Work request: An exact copy is needed of the lines in the entries below from the line with "Miles of walking" up to and including the line with "改札の外にはコーヒー店がある", and of nothing else. Leave the pictures out.

○ ○ ○

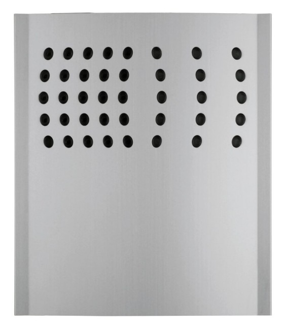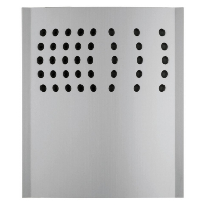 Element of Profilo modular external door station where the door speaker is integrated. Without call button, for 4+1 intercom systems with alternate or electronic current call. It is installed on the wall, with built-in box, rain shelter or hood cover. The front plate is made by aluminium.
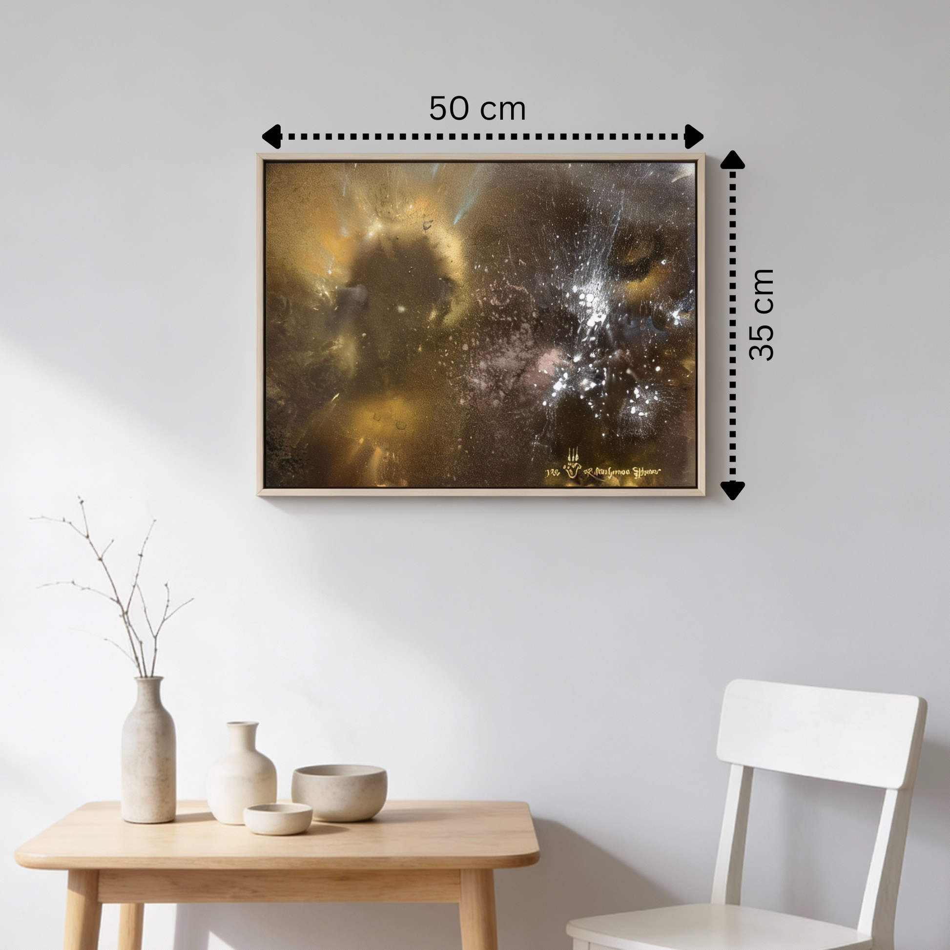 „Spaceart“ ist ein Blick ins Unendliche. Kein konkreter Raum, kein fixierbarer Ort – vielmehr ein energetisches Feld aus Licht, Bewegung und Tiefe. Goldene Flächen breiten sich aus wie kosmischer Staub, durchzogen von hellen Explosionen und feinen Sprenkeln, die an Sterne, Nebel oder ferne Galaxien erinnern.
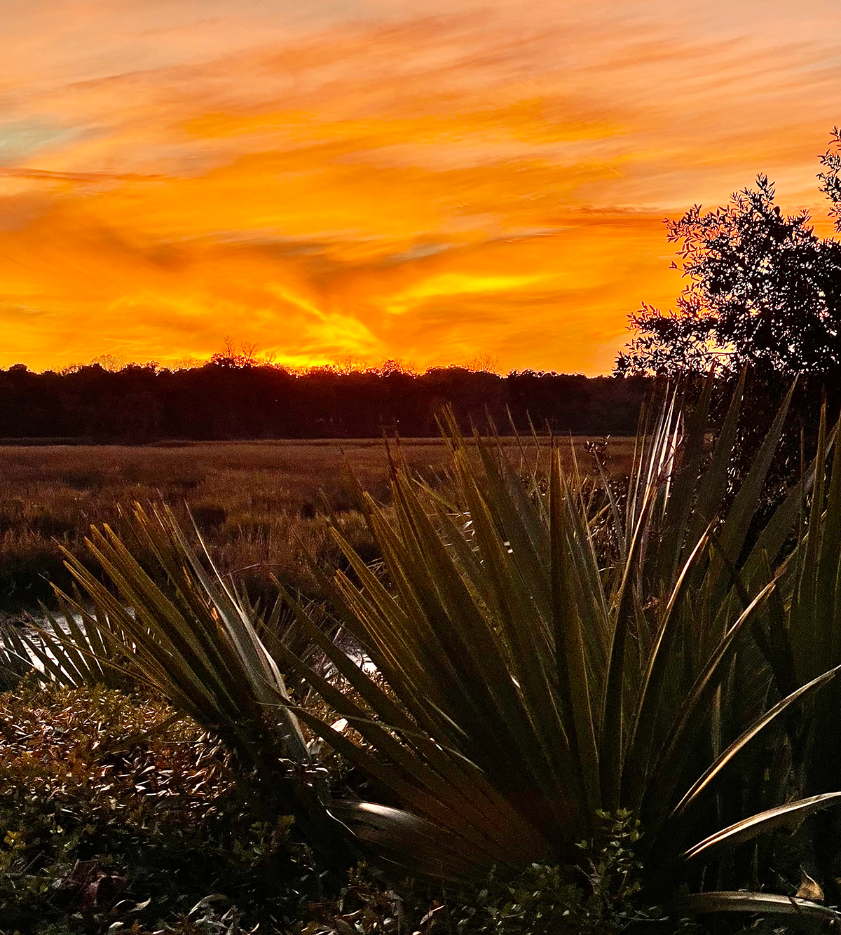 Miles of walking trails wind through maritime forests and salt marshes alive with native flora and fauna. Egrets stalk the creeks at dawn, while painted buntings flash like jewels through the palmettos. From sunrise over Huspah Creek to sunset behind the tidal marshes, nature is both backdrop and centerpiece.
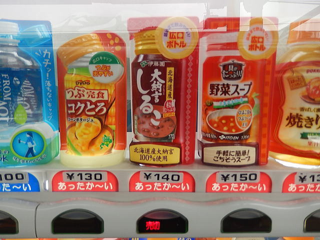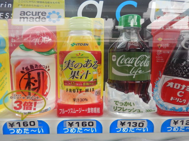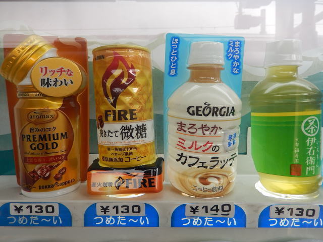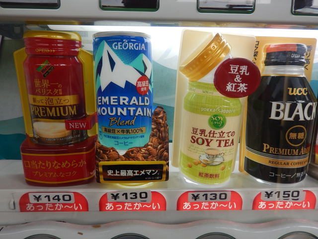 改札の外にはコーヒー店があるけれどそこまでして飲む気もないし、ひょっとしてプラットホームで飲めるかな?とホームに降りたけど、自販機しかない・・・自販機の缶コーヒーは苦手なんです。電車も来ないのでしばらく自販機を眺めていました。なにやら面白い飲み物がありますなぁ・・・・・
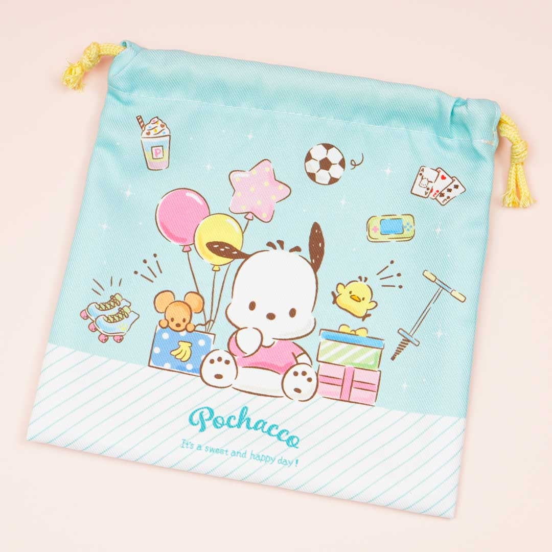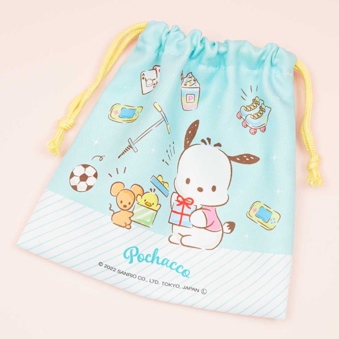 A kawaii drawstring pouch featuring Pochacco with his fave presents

○ ○ ○

Task answer:
 Miles of walking trails wind through maritime forests and salt marshes alive with native flora and fauna. Egrets stalk the creeks at dawn, while painted buntings flash like jewels through the palmettos. From sunrise over Huspah Creek to sunset behind the tidal marshes, nature is both backdrop and centerpiece.
 改札の外にはコーヒー店があるけれどそこまでして飲む気もないし、ひょっとしてプラットホームで飲めるかな?とホームに降りたけど、自販機しかない・・・自販機の缶コーヒーは苦手なんです。電車も来ないのでしばらく自販機を眺めていました。なにやら面白い飲み物がありますなぁ・・・・・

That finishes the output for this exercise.